As a literary academic with a fondness for poetry, I made a beeline to the poetry section, a little smaller than the comparable sections at the Preston Royal Borders and the Northwest Highway Barnes & Noble. The offerings were meager, erratic, disjointed. For no discernible reason, the poet with the largest number of books was Charles Bukowski, that old drunken madman. Homer came in second. Go figure. At the Preston Royal Borders, Maya Angelou seemed to be the poète du jour, probably because of her celebrity stature. (Borders also features CliffsNotes and a big rack of new fiction at 30 percent off. So does B&N.)

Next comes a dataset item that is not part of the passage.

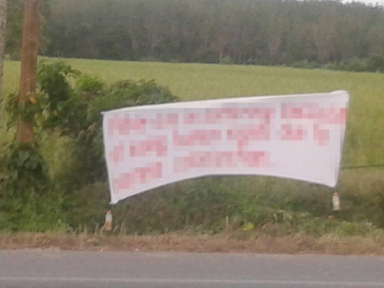 เมื่อเวลา 07.45 น. วันที่ 5 ก.พ. ร.ต.ต.หิรัญ สังข์แก้ว หน.ศูนย์วิทยุสื่อสาร สภ.เมืองยะลา จ.ยะลา รับแจ้งพบป้ายผ้าและวัตถุต้องสงสัยบริเวณสะพานริมทางหลวงสาย 4082 (ยะลา-ทุ่งยางแดง) บ้านสวนส้ม หมู่ 7 ต.สะเตง จึงรายงานให้ผู้บังคับทราบ
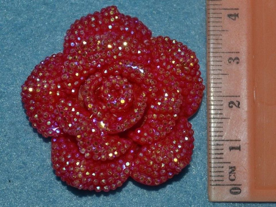 Пластиковий кабошон вигляді троянди, усипаний каменями має плоске (рівне) підстава. Розмір троянди 4см, підстава 2.5см.

Wrinkles must be ironed out. It’s hard to know why one should prefer one bookstore to another. Perhaps Legacy Books will become the home away from home for Dallas intellectuals, especially if its reading series takes off.
And it’s harder to know whether it will provide real competition for Half Price Books, especially the Mother Lode on Northwest Highway. One recent Saturday afternoon, it was full of people, some of whom had to wait more than an hour to get bids on the books they’d brought to sell. The manager told me that in January business was up 10 percent from a year ago, and that in December sales were down a hair but still over the target. In bad economic times, readers will unload more of their unwanted stuff, not necessarily to buy groceries or even to empty their shelves, but more generally to feed their buying habits. Bartering—turning stores into the equivalent of libraries where you make a withdrawal and then return to make a deposit—might be the secret to the new economy.
Its biggest fan would never make claims for the beauty of the store. Picture a cross between a high school gym and Home Depot. Part of the floor is covered in industrial carpet; the rest is plain concrete. The shoppers are far from elegant. You can’t always find what you want but, as Mick Jagger might say, you might just find what you need. At Half Price you may find books from last year, and the occasional best seller, but don’t count on anything. You’ll find odd collections of remainders. Does anyone want one of the dozen copies of William Blake’s Illustrations to the Poems of Thomas Gray, marked down from $65 to $29.98? Half price, indeed. The poetry section goes literally from A to Z, Dorothy Alison (I knew she wrote prose, so I learned something new when I saw her verses) to Stefan Zweig.
At the front of the store are the shelves and cases of “collectibles,” the most valuable of which are locked in glass cases. Want a first edition of Charlotte’s Web signed by Garth Williams, its illustrator, for $350? Or a signed first edition of Nelson Algren’s 1949 National Book Award-winning The Man With the Golden Arm ($250)? You’ve come to the right place.
But back to the retail scene. Wandering through the stores, I decided to run a little test. With my smiling, innocent journalist’s grin, I asked random employees at Borders and B&N what they were reading for fun. One clerk, evidently a non-reader, was nonplussed. I, too, was somewhat taken aback. He had a slacker look about him, so I assumed, wrongly, that he was a bookworm. One guy named Amsterdam, by Booker Prize winner Ian MacEwan (big points for that one). One said Tolkien; another said vintage 1960s comic books; a third waxed rhapsodic over the hot new vampire writer Stephenie Meyer. Two spoke with enthusiasm about recent sci-fi work. None of them had the time to engage in fuller conversations. Commerce trumped book talk. My heart did not leap up. So much for the chains.
“Are you an English major?” I asked, hopefully.
“No, I’m studying business,” he replied. “But literature is where my heart is.”
His answer made me think I might want to return, carbon footprint be damned.